Finding the ideal spots in your show for your marketing messages can be tricky. One exercise I’ve found to be helpful is customizing every show I do. I’m not talking specifically about trade shows here; I mean birthday parties, family shows, anniversary parties, a restaurant gig, etc. You can always find out some key details about the guest of honor when you book the show, or ask about the unique features of a restaurant before you start working.

Trade Show Tip 7

Don’t get a reputation as someone who will try to undercut another working performer by approaching their client when they aren’t around.
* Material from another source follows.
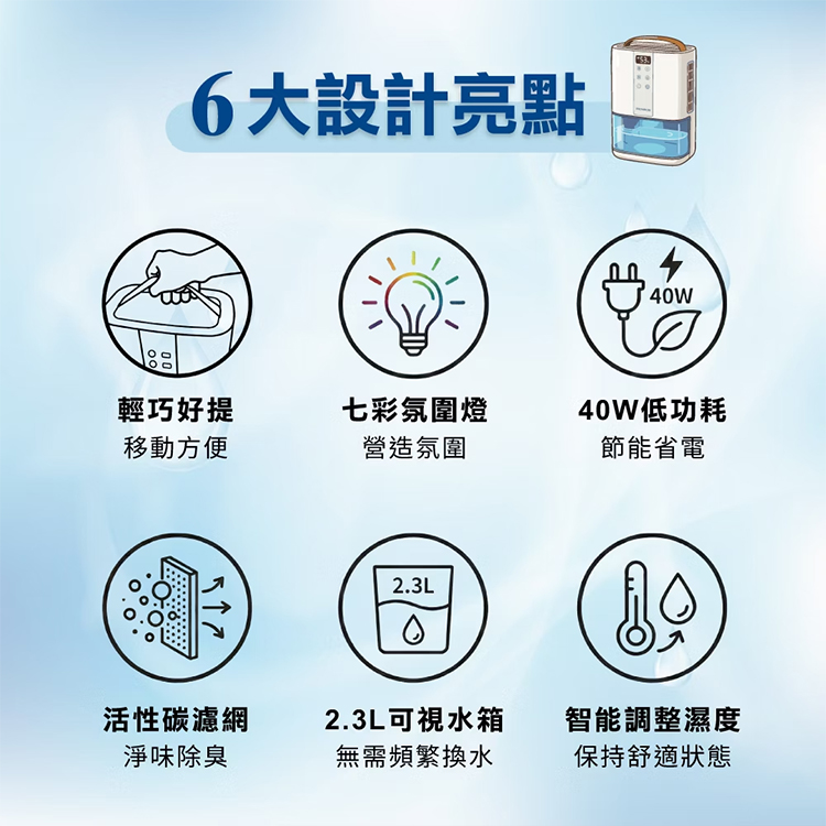 3檔除濕模式切換:睡眠/一般/強力
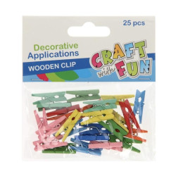 Setje met 25 houten mini knijpertjes in alle kleuren van de regenboog. Lengte van de knijpertjes is 2.5 cm

Chances are that word of your visit will get right back to the performer as soon as they return. Karma has a way of biting you in the ass. As they say, what goes around comes around. There’s plenty of work for everyone; just go out and get it on your own.

Trade Show Tip 8

Just as you are there at the show to gather crowds for your client, the other magician’s and presenter’s are there to do the same for theirs. It makes little sense to try and one-up the competition by performing your show non-stop in an attempt to keep the other performer from doing their job.

Trade Show Tip 9

Make your product pitch interactive. Ask questions during your pitch and try to get feedback from your audience. If you are able to connect with your audience and create a rapport, you will find that you are in a unique position to qualify potential leads for your clients’ sales team.

Trade Show Tip 10

Become a student of sales. The bookstores are full of books (and audio books) that will teach you how to sell more effectively. Make a promise to yourself; For every five magic books you read, read one business book.

Thanks Seth for your input and helping our readers break into the industry!